/---
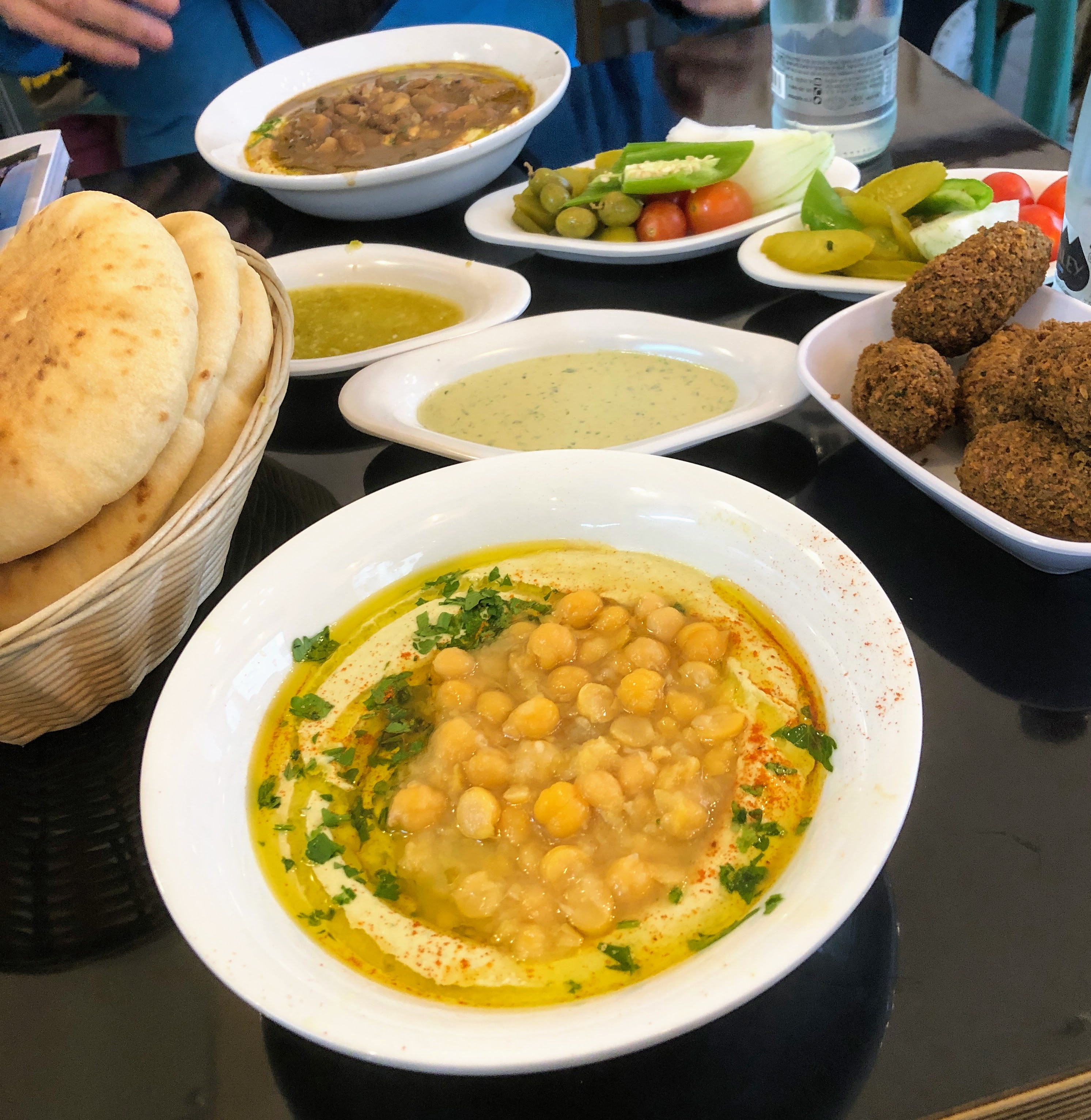This trip was about Jerusalem, there wasn’t time to explore much else, and really our only plan was to feel the city. The Holy City has an energy and vibe that is unparalleled. There are definitely cities that hum with historical energy but the layers (literally) of Jerusalem coupled with the tension due to the significance of this place to various faiths and creates a constant tingling of energy. We wanted to see so many places; Mount of Olives, Garden of Gethsemane, City of David, Mount Zion, the Western Wall, the East Gate, the Garden Tomb, The Dome of the Rock and much more, but in many ways it was de ja vu because all of the names and sights are imprinted upon my mind from 54 years of reading and hearing about and watching this city in church, books, television and news teases you into thinking you have been there before. Even the food. I remember the first time I tasted falafel and hummus 34 years ago. I was hooked. But nothing could have prepared me for the sensory experience of walking into the city from the bus station, passing through neighbourhoods, listening to chatter all along the sidewalks as friends sat and philophized over an afternoon coffee. Eating on and in the land where the produce is grown and the spices are mixed, where the recipes are passed down not written out is a spiritual experience. There is a connection that is not felt in a bistro in another land, although I most certainly had a friendly rapport with the lady that handed me my falafel twice a week for many years. The buzz increased in volume as we approached a market, the scent of zatar was mixed with all the fruits and vegetables and fresh Jerusalem bagels only added to my excitement and all of a sudden it was time. Time to sit and indulge in a lunch of falafel and hummus. My palate was zinging with the flavours and I could not believe that I was here. In Jerusalem, a city of cultures, religions, foods, arts, languages and peoples from all around the globe. A city that so many claim as their own and yet it can not be defined by any one. Even the humble chickpea and sesame seed can become political.
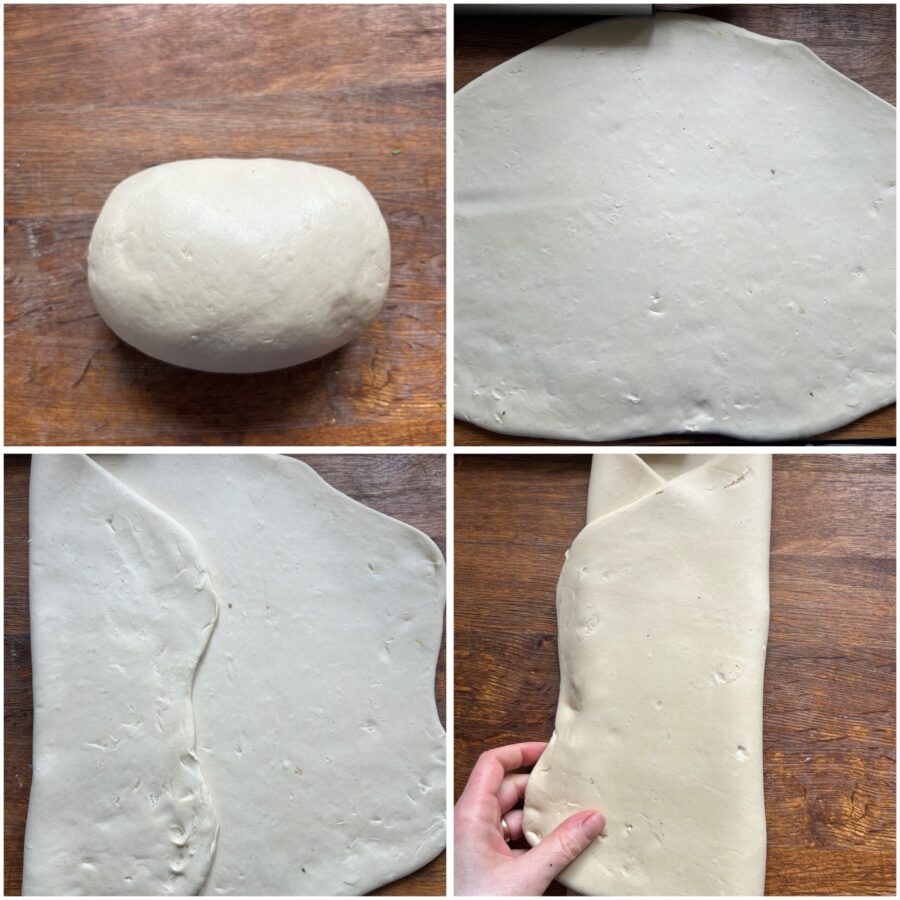Retoma la masa, estírala con el rodillo y dale un pliegue en forma de cartera. Este gesto nos ayudará a conseguir un ligero hojaldrado y muchas burbujas en la fritura.
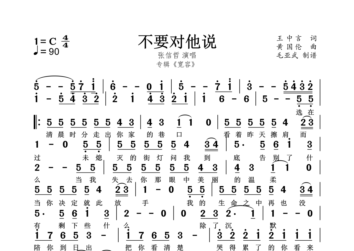 《不要对他说》是张信哲演唱的一首歌曲,拍号为4/4拍,这份简谱共有一张高清图谱,图谱由 @秋天的童话 编配上传。
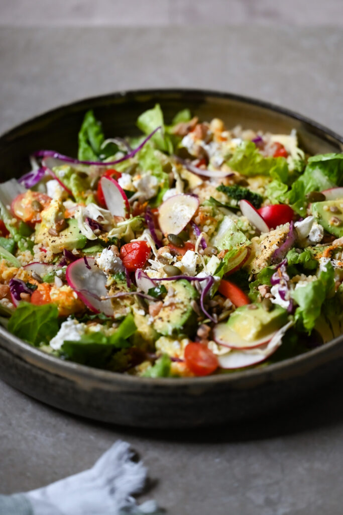 Cheese is often my go-to — feta, blue, or parmesan. If I’m using a creamy dressing like green goddess, I’ll skip the cheese or swap in boiled eggs.
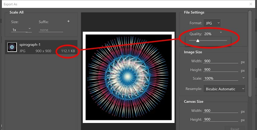 Save For Web (Legacy) actual export file size doesn't match size in export settings
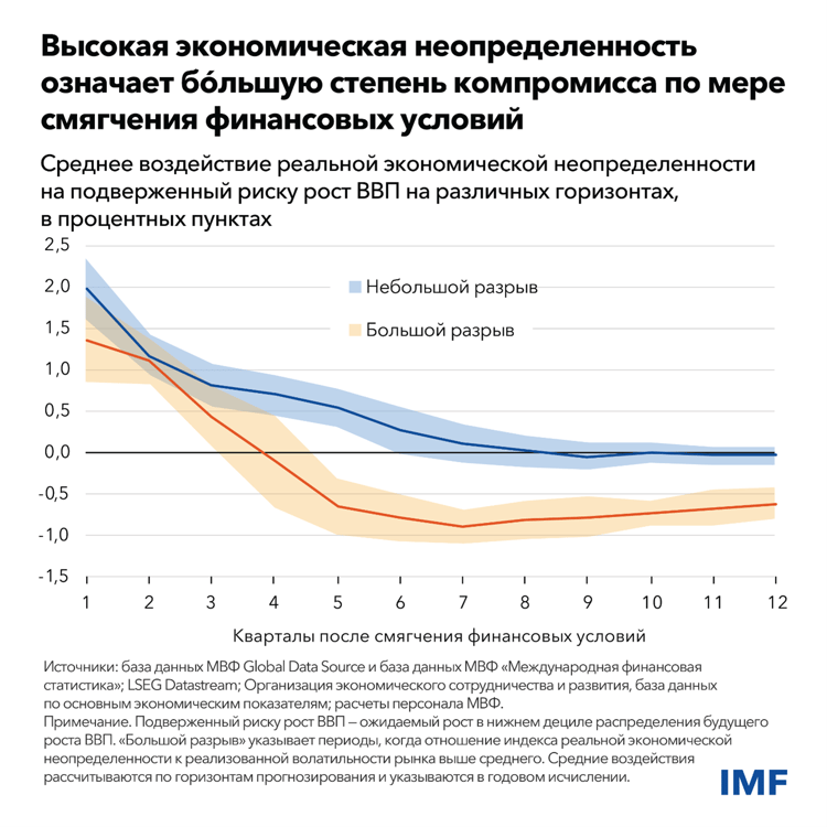 В более общем плане высокая экономическая неопределенность может обострить то, что мы называем компромиссом между макроэкономической и финансовой стабильностью, который обусловлен мягкими условиями на финансовых рынках. Когда финансовые условия смягчаются, ожидания экономического роста обычно повышаются, а риски ухудшения экономической ситуации в первый год снижаются. Это происходит в силу таких факторов, как снижение процентных ставок, повышение стоимости активов, сужение кредитных спредов и ослабление волатильности фондового рынка. Однако смягчение финансовых условий может повысить долговую уязвимость, а это усилит риски снижения экономического роста в будущем.
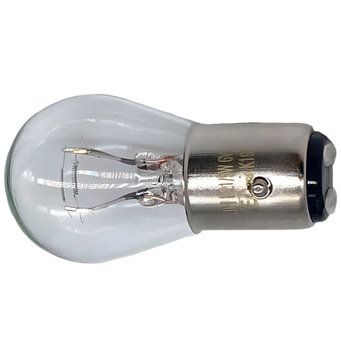 This 6 Volt twin filament bulb offers both 21 watts and 5 watts of power, making it a versatile choice for various applications. It features a 15mm cap with double contacts and staggered bayonet pins for secure and reliable connection.
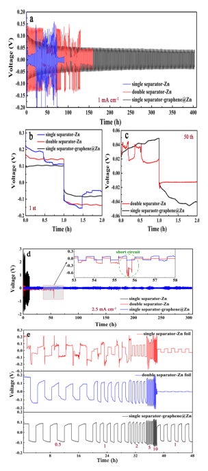圖2. 石墨烯@Zn和Zn對(duì)稱電池的電化學(xué)行為:(a)1 mA cm
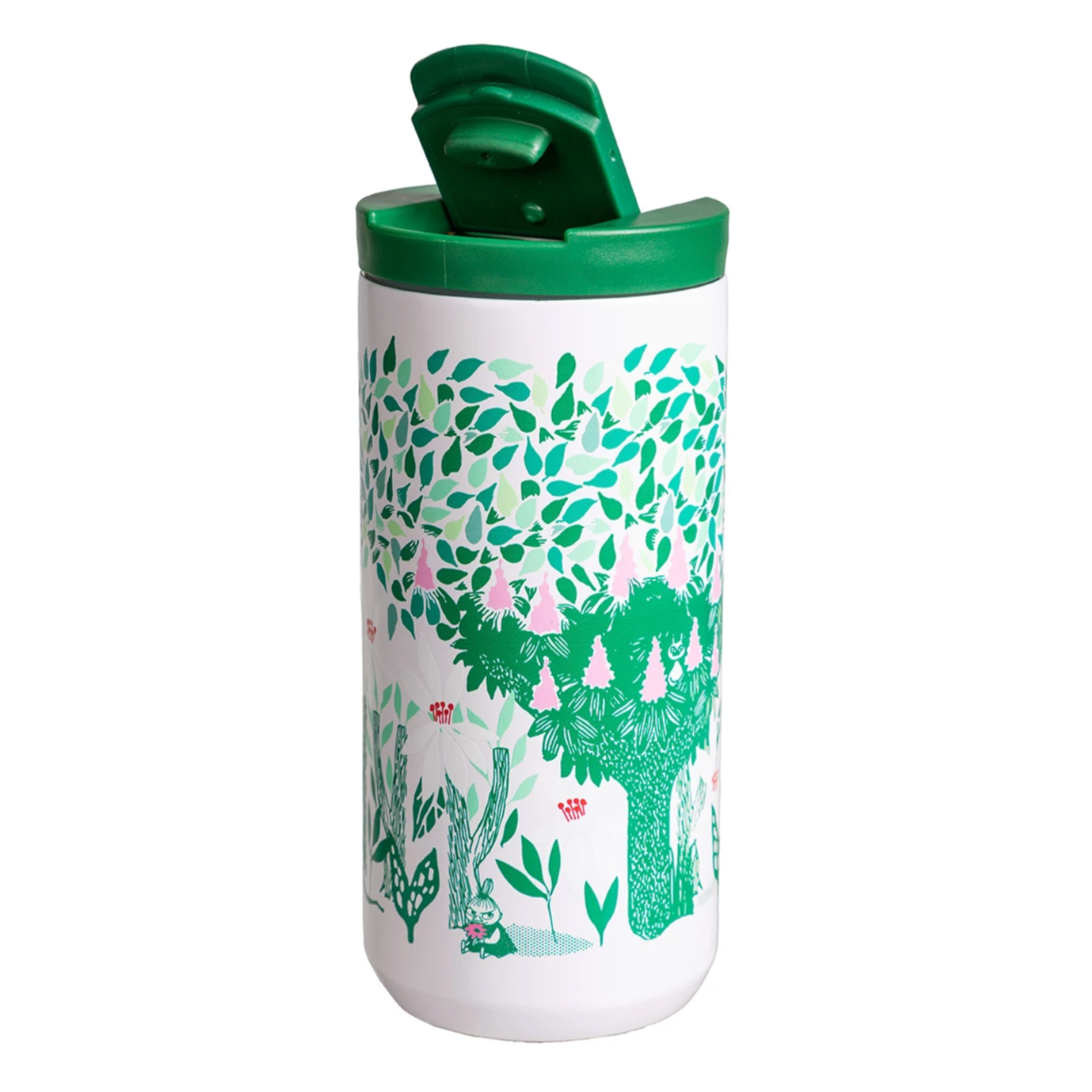 Moomin-themed thermos mug with a volume of 4,5 dl. The thermos mug has a green lid, and the atmospheric Spring Chestnut print in shades of pink and green. This mug is perfect for those who prefer to drink their drinks on the way to work, school, or errands.
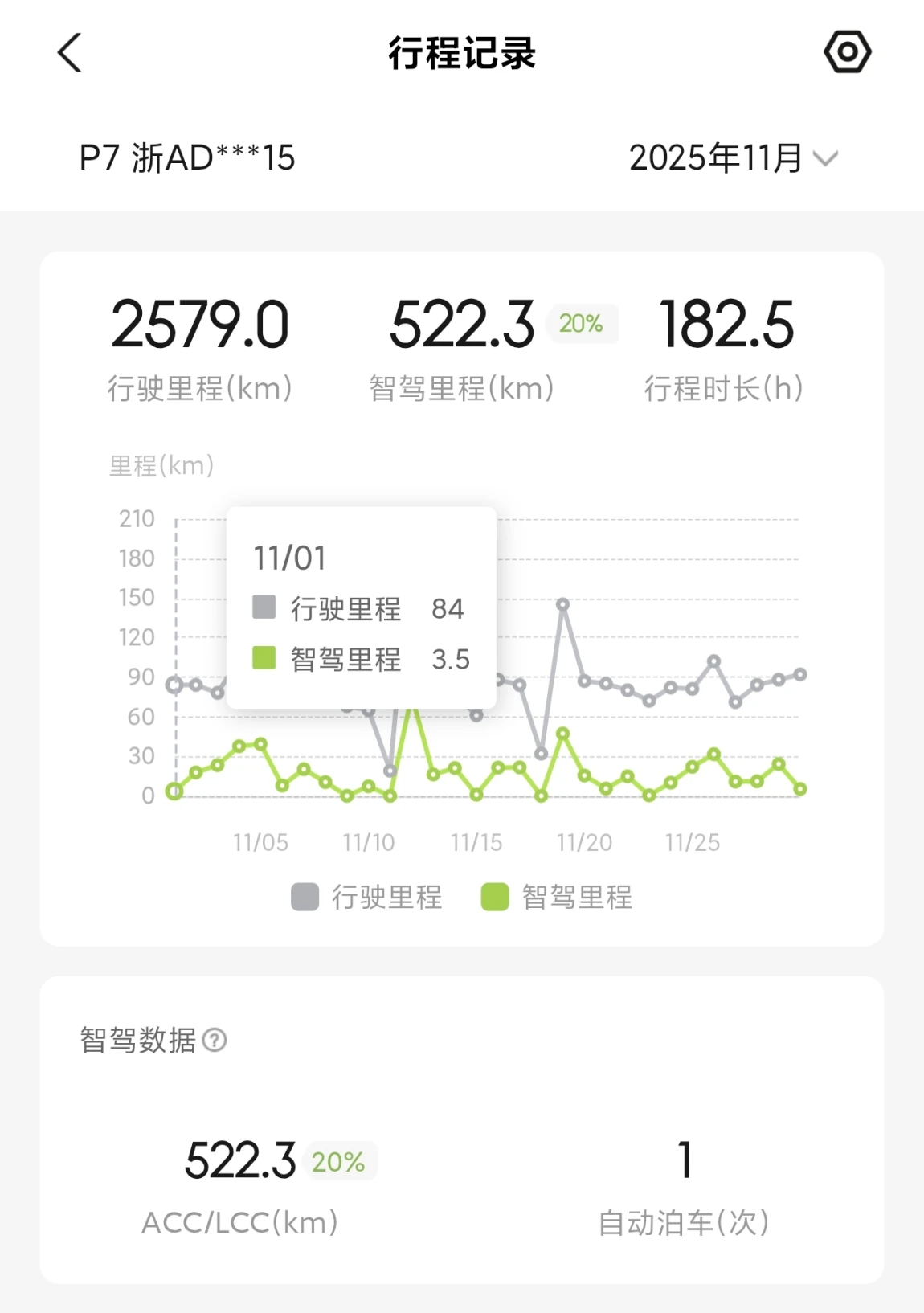 #11月用车总结# 2025年11月,小鹏P7(浙AD****15)累计行驶2579km,智驾里程522.3km(占总里程20%),行程时长182.5小时。智驾以ACC/LCC为主,自动泊车仅1次。从数据曲线看,单日行驶里程波动较大,智驾里程占比稳定,说明本月日常通勤等场景中,智驾功能使用频率较高,辅助驾驶体验得到了充分利用。@鹏友俱乐部
\---
### WHAT YOU SHOULD DO
Print the material in full and exactly; the pictures must not be printed.

### REPLY
This trip was about Jerusalem, there wasn’t time to explore much else, and really our only plan was to feel the city. The Holy City has an energy and vibe that is unparalleled. There are definitely cities that hum with historical energy but the layers (literally) of Jerusalem coupled with the tension due to the significance of this place to various faiths and creates a constant tingling of energy. We wanted to see so many places; Mount of Olives, Garden of Gethsemane, City of David, Mount Zion, the Western Wall, the East Gate, the Garden Tomb, The Dome of the Rock and much more, but in many ways it was de ja vu because all of the names and sights are imprinted upon my mind from 54 years of reading and hearing about and watching this city in church, books, television and news teases you into thinking you have been there before. Even the food. I remember the first time I tasted falafel and hummus 34 years ago. I was hooked. But nothing could have prepared me for the sensory experience of walking into the city from the bus station, passing through neighbourhoods, listening to chatter all along the sidewalks as friends sat and philophized over an afternoon coffee. Eating on and in the land where the produce is grown and the spices are mixed, where the recipes are passed down not written out is a spiritual experience. There is a connection that is not felt in a bistro in another land, although I most certainly had a friendly rapport with the lady that handed me my falafel twice a week for many years. The buzz increased in volume as we approached a market, the scent of zatar was mixed with all the fruits and vegetables and fresh Jerusalem bagels only added to my excitement and all of a sudden it was time. Time to sit and indulge in a lunch of falafel and hummus. My palate was zinging with the flavours and I could not believe that I was here. In Jerusalem, a city of cultures, religions, foods, arts, languages and peoples from all around the globe. A city that so many claim as their own and yet it can not be defined by any one. Even the humble chickpea and sesame seed can become political.
Retoma la masa, estírala con el rodillo y dale un pliegue en forma de cartera. Este gesto nos ayudará a conseguir un ligero hojaldrado y muchas burbujas en la fritura.
 《不要对他说》是张信哲演唱的一首歌曲,拍号为4/4拍,这份简谱共有一张高清图谱,图谱由 @秋天的童话 编配上传。
 Cheese is often my go-to — feta, blue, or parmesan. If I’m using a creamy dressing like green goddess, I’ll skip the cheese or swap in boiled eggs.
 Save For Web (Legacy) actual export file size doesn't match size in export settings
 В более общем плане высокая экономическая неопределенность может обострить то, что мы называем компромиссом между макроэкономической и финансовой стабильностью, который обусловлен мягкими условиями на финансовых рынках. Когда финансовые условия смягчаются, ожидания экономического роста обычно повышаются, а риски ухудшения экономической ситуации в первый год снижаются. Это происходит в силу таких факторов, как снижение процентных ставок, повышение стоимости активов, сужение кредитных спредов и ослабление волатильности фондового рынка. Однако смягчение финансовых условий может повысить долговую уязвимость, а это усилит риски снижения экономического роста в будущем.
 This 6 Volt twin filament bulb offers both 21 watts and 5 watts of power, making it a versatile choice for various applications. It features a 15mm cap with double contacts and staggered bayonet pins for secure and reliable connection.
圖2. 石墨烯@Zn和Zn對(duì)稱電池的電化學(xué)行為:(a)1 mA cm
 Moomin-themed thermos mug with a volume of 4,5 dl. The thermos mug has a green lid, and the atmospheric Spring Chestnut print in shades of pink and green. This mug is perfect for those who prefer to drink their drinks on the way to work, school, or errands.
 #11月用车总结# 2025年11月,小鹏P7(浙AD****15)累计行驶2579km,智驾里程522.3km(占总里程20%),行程时长182.5小时。智驾以ACC/LCC为主,自动泊车仅1次。从数据曲线看,单日行驶里程波动较大,智驾里程占比稳定,说明本月日常通勤等场景中,智驾功能使用频率较高,辅助驾驶体验得到了充分利用。@鹏友俱乐部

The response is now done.